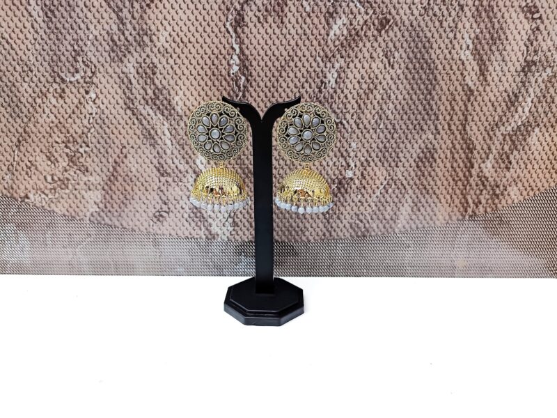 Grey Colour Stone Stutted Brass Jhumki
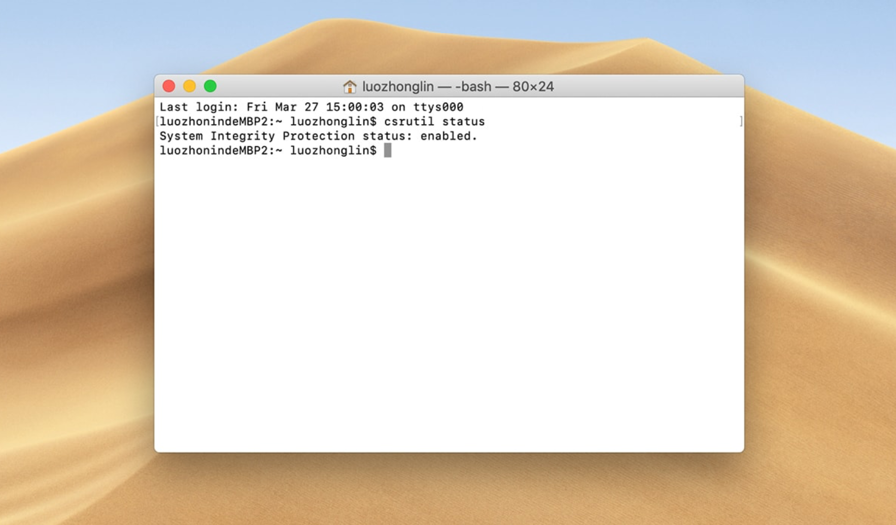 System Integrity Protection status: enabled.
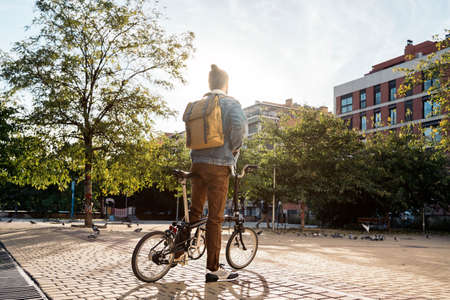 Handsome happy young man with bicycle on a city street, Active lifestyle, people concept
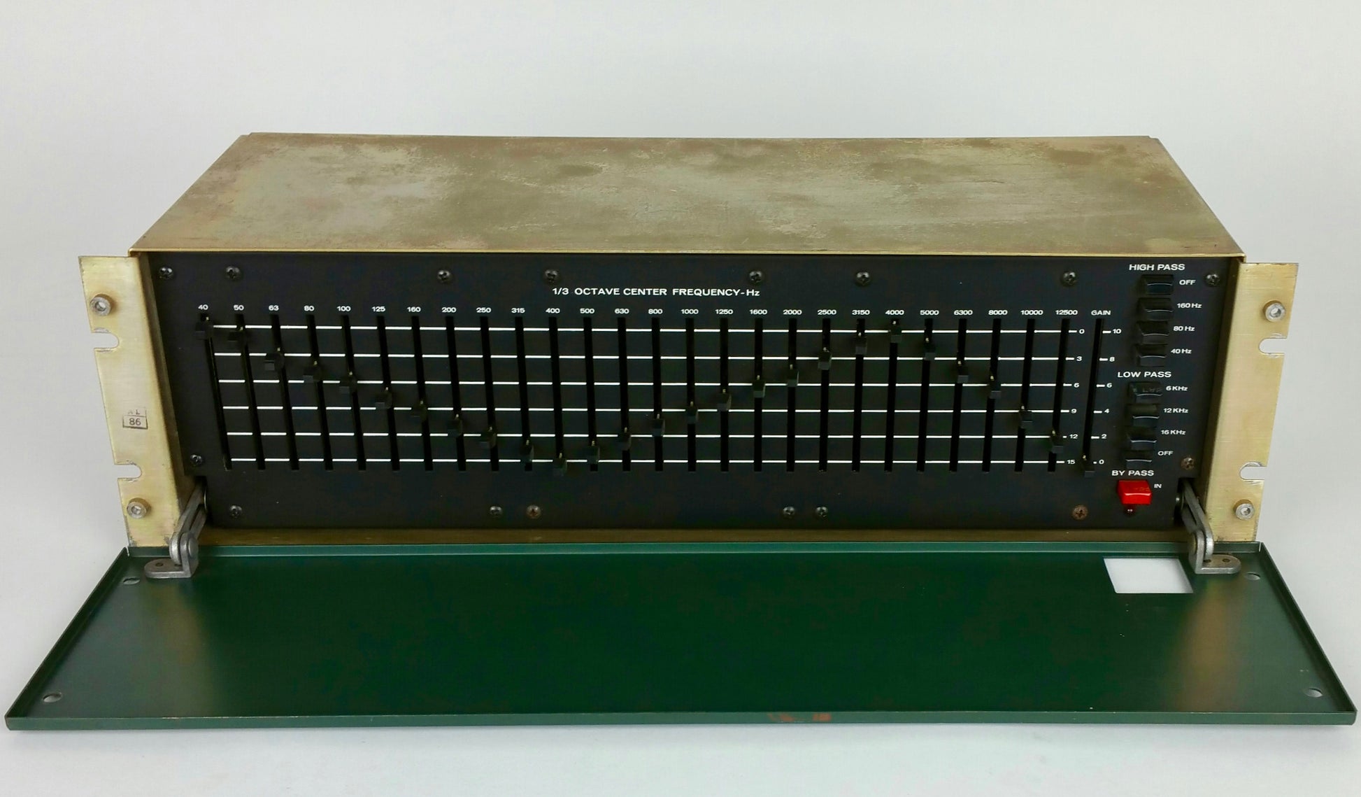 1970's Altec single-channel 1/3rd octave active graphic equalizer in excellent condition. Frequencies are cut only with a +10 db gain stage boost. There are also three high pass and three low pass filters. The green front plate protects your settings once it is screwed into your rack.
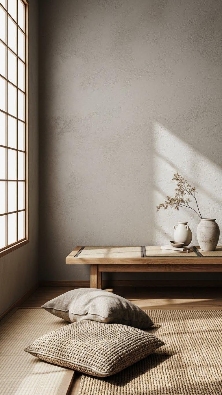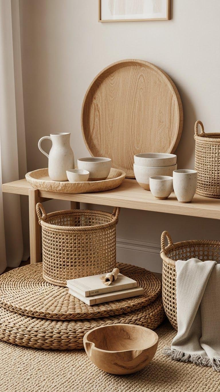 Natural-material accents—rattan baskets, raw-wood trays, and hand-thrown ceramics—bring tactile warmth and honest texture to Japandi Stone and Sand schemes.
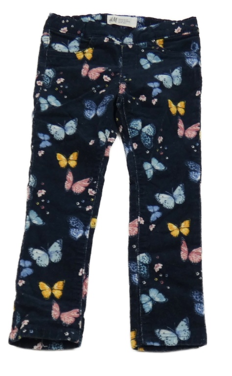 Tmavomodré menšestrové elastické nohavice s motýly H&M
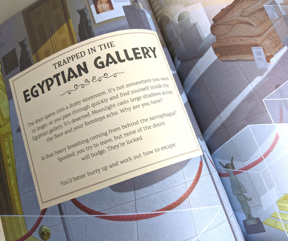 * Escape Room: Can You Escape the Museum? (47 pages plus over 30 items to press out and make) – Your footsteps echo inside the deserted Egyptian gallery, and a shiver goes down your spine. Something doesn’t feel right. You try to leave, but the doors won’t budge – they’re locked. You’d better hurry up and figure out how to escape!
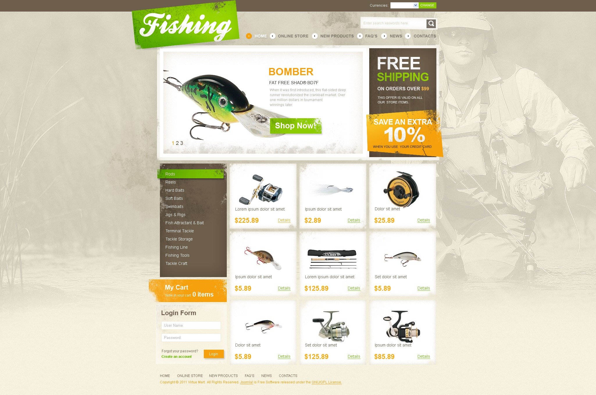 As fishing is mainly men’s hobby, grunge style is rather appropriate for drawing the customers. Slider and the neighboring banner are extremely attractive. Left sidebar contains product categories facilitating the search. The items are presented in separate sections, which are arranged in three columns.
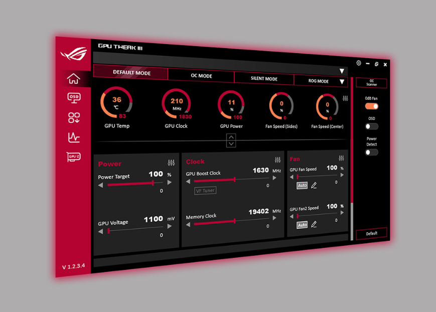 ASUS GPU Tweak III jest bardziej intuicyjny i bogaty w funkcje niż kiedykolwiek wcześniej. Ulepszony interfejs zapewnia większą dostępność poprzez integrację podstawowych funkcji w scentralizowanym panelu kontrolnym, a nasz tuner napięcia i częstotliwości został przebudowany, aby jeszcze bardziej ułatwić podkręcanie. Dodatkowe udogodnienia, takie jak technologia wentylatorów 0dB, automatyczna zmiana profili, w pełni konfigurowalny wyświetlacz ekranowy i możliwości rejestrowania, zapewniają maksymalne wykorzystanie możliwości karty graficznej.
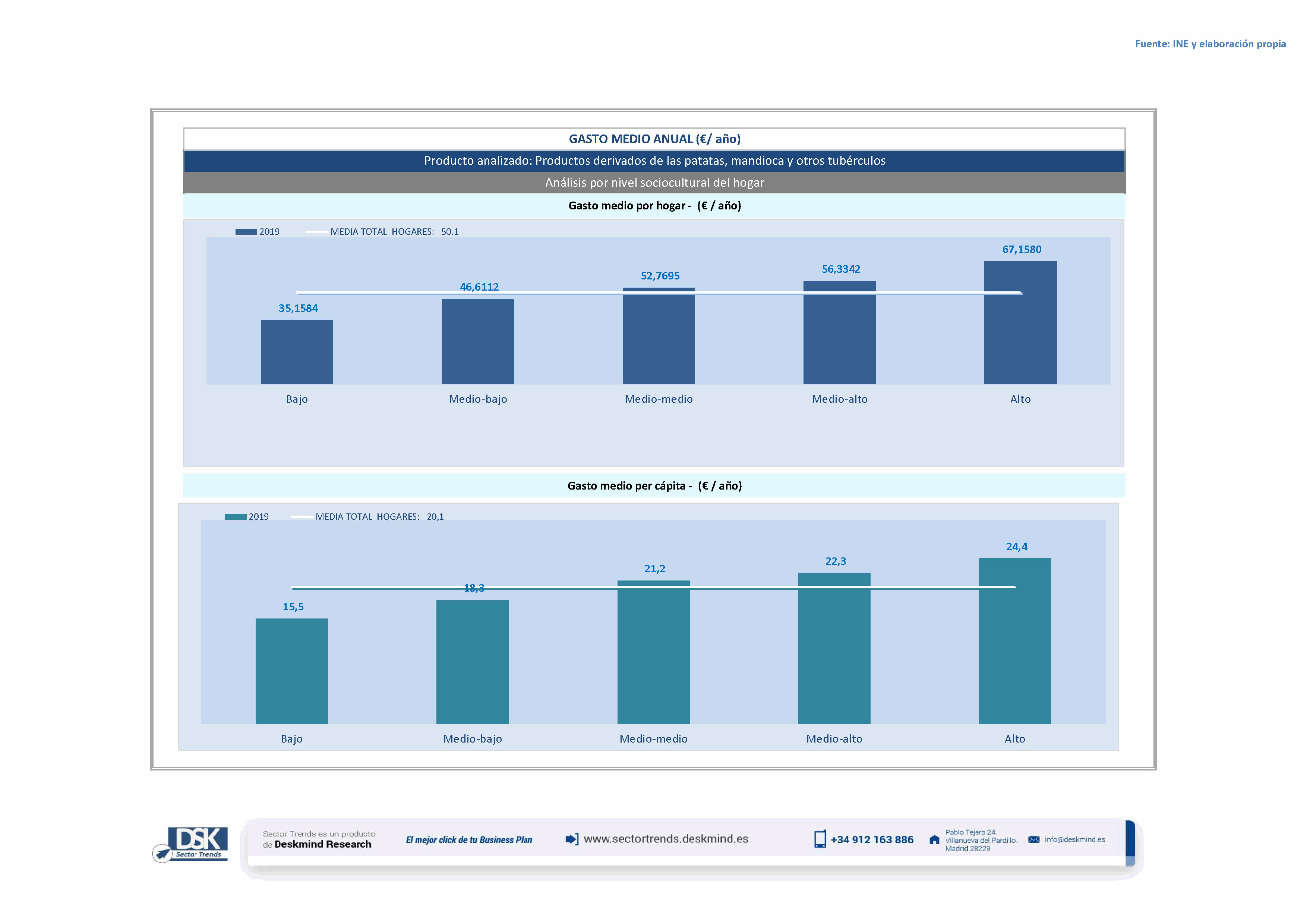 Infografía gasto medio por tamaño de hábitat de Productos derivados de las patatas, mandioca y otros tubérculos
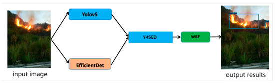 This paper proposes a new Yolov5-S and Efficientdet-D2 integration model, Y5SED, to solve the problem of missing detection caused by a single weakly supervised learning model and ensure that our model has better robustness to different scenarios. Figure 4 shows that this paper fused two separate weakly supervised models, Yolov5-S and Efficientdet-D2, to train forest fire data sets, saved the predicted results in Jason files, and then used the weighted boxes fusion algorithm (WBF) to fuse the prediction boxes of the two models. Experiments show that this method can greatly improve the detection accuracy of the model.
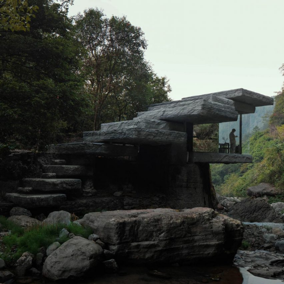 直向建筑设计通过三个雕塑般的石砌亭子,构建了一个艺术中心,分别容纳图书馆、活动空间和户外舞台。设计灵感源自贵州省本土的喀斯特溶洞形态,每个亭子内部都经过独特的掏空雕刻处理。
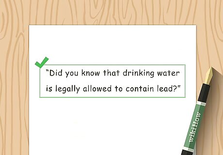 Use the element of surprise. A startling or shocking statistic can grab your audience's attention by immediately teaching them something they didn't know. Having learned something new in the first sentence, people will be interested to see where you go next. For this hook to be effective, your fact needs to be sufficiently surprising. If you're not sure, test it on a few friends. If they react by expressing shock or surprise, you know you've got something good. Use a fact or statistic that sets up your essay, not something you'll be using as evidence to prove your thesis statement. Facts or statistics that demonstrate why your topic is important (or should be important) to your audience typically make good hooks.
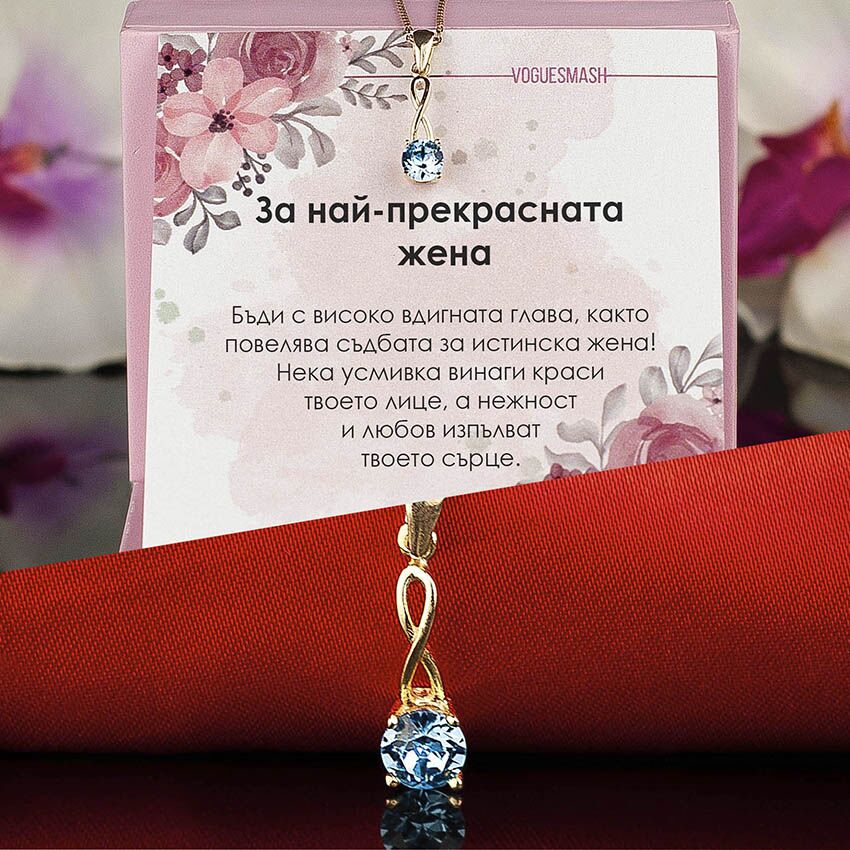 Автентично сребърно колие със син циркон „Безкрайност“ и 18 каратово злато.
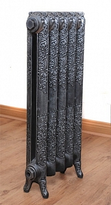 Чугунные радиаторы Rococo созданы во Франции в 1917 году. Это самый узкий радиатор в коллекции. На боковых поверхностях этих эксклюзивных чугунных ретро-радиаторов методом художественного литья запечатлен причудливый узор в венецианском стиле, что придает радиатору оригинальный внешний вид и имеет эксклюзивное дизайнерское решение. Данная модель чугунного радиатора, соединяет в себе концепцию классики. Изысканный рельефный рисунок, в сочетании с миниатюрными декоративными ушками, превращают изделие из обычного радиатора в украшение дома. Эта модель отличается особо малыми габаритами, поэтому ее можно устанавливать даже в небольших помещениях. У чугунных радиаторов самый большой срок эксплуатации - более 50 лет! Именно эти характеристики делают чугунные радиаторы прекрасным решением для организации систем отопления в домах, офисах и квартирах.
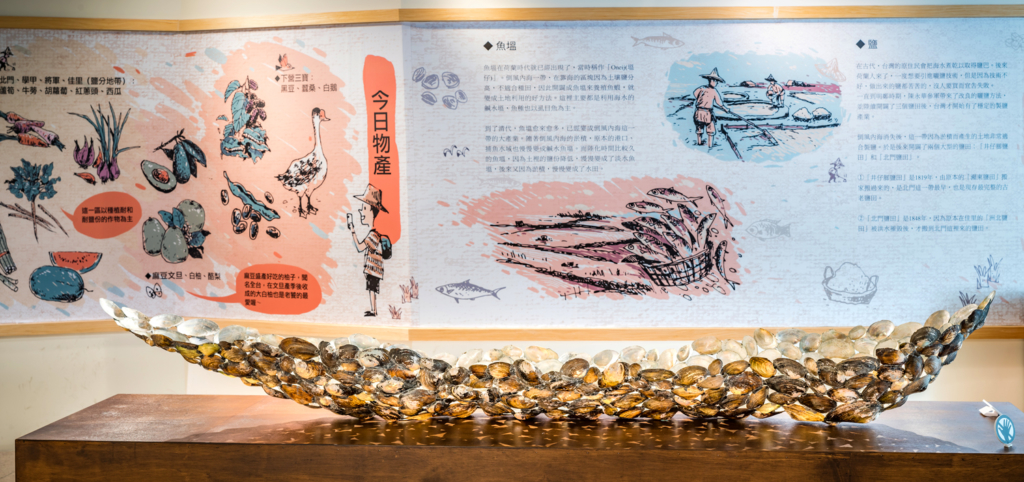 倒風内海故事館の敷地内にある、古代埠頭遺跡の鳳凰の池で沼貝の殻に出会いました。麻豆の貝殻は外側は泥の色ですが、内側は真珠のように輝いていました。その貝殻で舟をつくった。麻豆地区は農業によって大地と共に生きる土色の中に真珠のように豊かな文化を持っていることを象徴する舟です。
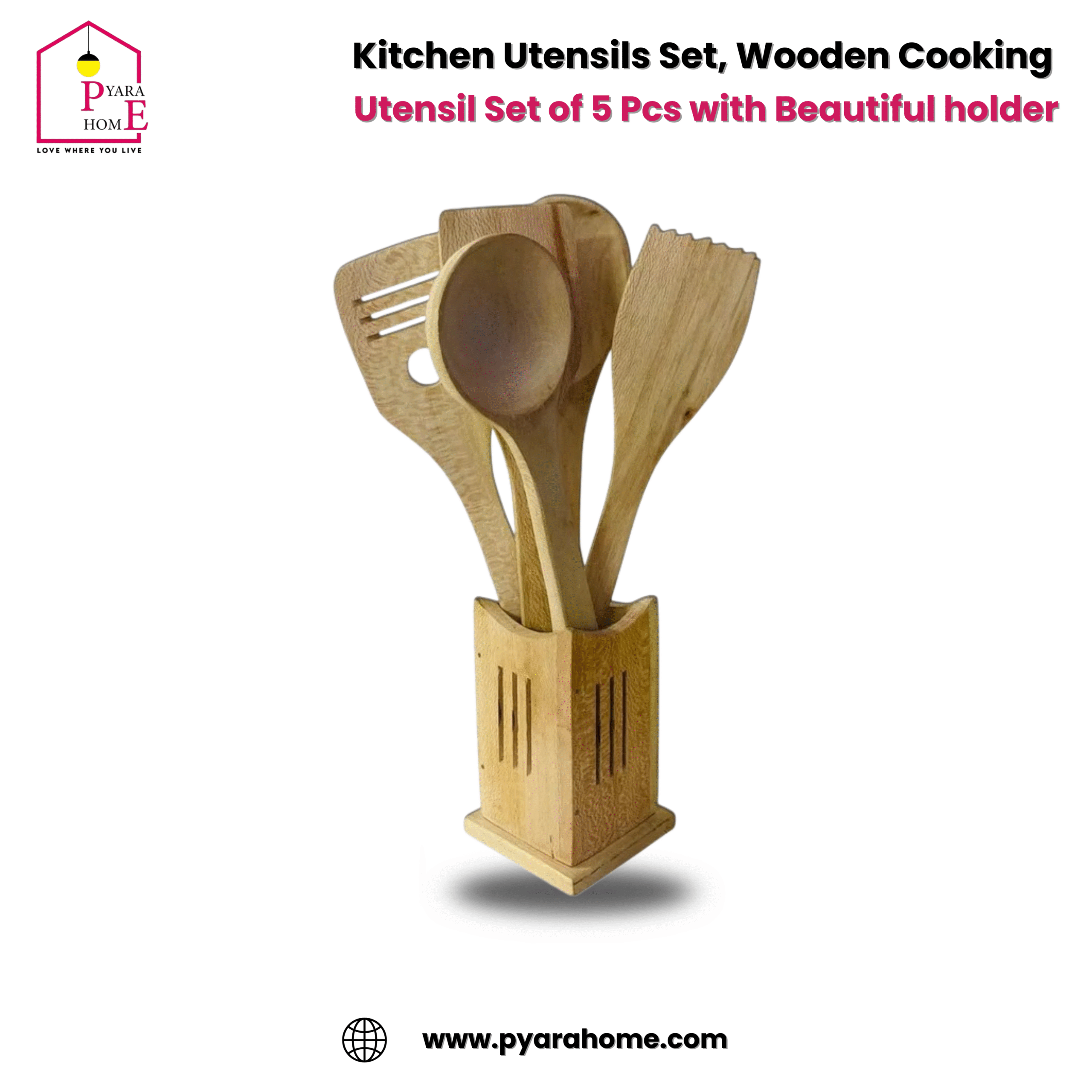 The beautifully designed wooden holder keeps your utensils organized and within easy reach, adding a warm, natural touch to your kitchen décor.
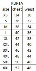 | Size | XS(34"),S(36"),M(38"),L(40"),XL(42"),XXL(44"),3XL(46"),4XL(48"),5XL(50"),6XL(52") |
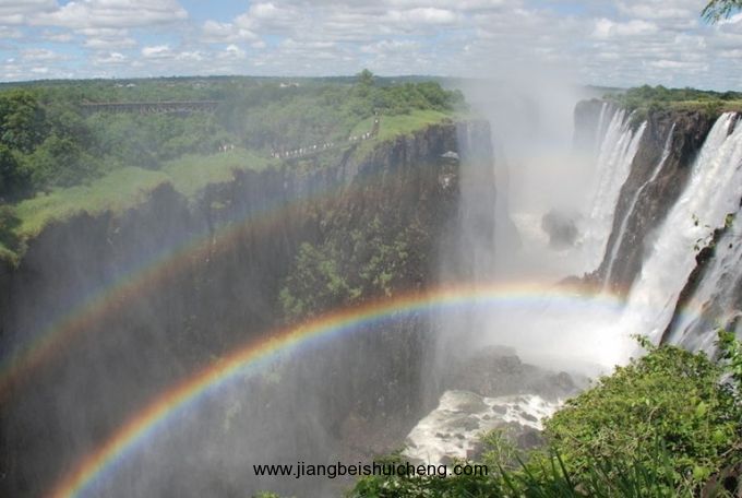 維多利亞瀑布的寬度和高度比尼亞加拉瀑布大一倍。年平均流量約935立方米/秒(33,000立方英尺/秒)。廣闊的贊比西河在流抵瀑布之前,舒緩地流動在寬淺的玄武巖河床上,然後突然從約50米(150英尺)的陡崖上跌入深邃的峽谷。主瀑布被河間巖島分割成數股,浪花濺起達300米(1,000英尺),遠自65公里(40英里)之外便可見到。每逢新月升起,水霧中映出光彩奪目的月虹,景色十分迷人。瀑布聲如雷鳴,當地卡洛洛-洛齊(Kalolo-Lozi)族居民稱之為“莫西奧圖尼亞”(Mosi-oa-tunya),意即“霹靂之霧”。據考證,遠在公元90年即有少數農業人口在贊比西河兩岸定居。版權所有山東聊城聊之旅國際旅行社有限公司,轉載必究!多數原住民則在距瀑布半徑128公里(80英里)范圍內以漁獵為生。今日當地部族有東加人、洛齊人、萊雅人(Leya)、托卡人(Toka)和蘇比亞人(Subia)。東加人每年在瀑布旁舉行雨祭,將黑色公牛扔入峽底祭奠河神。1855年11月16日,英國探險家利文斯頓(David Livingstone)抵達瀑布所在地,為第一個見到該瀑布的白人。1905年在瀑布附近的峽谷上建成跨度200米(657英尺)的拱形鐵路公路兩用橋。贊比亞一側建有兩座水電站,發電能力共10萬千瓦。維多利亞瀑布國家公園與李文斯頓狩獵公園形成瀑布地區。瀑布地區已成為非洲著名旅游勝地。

---

▸ **What is required**
Output exactly the lines from the first line of the records through the line containing "Handsome happy young". Leave out every picture.

▸ **Solution for this task**
 Grey Colour Stone Stutted Brass Jhumki
 System Integrity Protection status: enabled.
 Handsome happy young man with bicycle on a city street, Active lifestyle, people concept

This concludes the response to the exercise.